The Cataract House Hotel was built on the Niagara River bank in 1825 by owner David Chapman. The land for the hotel near what is now Old Main Street and Buffalo Avenue between Red Coach Inn and Niagara Falls State Park was originally owned by Judge Samuel DeVeaux. In 1831, Parkhurst Whitney purchased the hotel and ran it for several years.

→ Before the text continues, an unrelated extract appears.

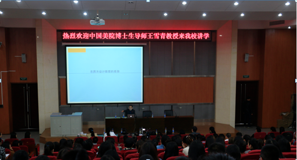2016年4月12日上午9:00,在郑州师范学院东校区综合楼A301举行了设计类讲座,此次讲座我校邀请了来自中国美术学院博士生导师王雪青教授。校党委书记于向英,美术学院院长王西军,美术学院团总支书记王滢老师及美术学院学生均出席了这次讲座。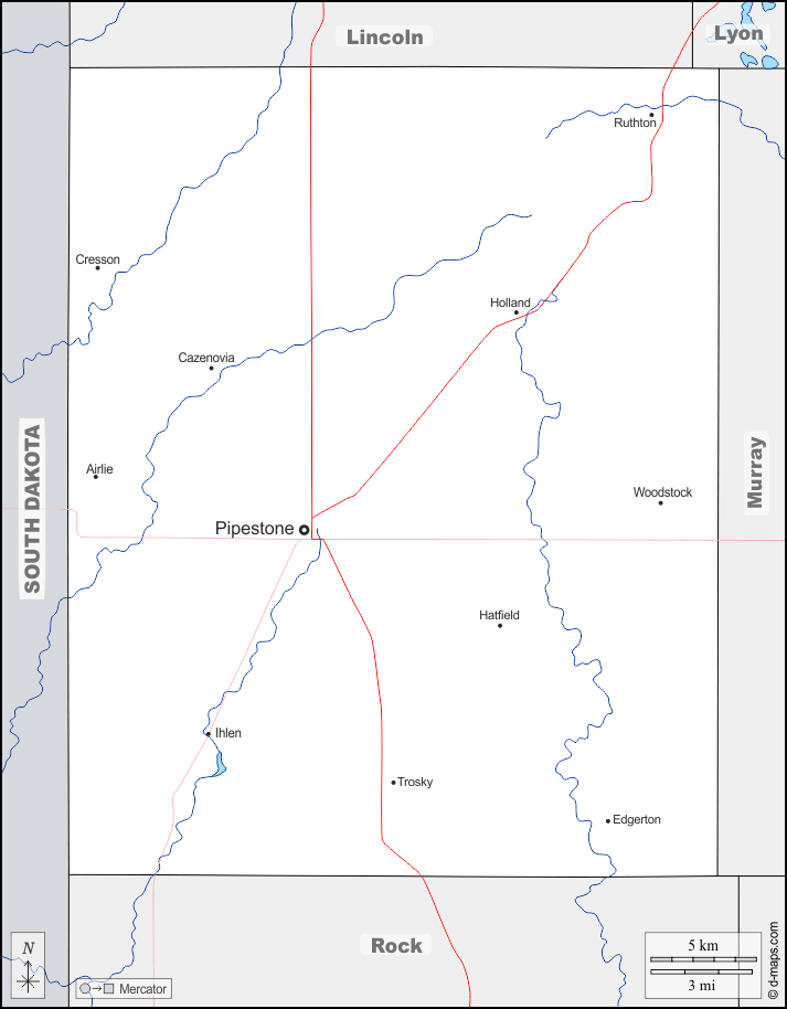 d-maps > 美国 > 明尼蘇達州 > 石板县 > 边界, 水文学, 主要城市, 道路, 名称

Whitney later leased the hotel to a corporation run by his son, Solon Whitney (who owned the Whitney Mansion in Niagara Falls), and sons-in-law, James Fullerton Trott and Dexter Ray Jerauld.

After Whitney's death in 1862, his son Solon owned the Hotel until 1891 when it was sold to Peter A. Porter (who served as a U.S. Representative from 1907 to 1909). Porter was the son of Peter Augustus Porter, who was the only son of Gen. Peter Buell Porter of War of 1812 fame. The Porter family sold the hotel to John McDonald in 1909, who owned it until 1945.

Cataract House, which became "the most elegant and popular hotel on the American side," was host to Abraham Lincoln, Jenny Lind, Horace Greeley, William Seward, Franklin D. Roosevelt, King Edward VII (when he was the Prince of Wales), and King George V in 1939.

The hotel, which by then had occupied an entire city block was across the street from Red Coach Inn, was destroyed by fire in 1945.

The site today is Heritage Park located between Buffalo Avenue and Riverway with roadway providing access to the Niagara Reservation – Niagara Falls State Park.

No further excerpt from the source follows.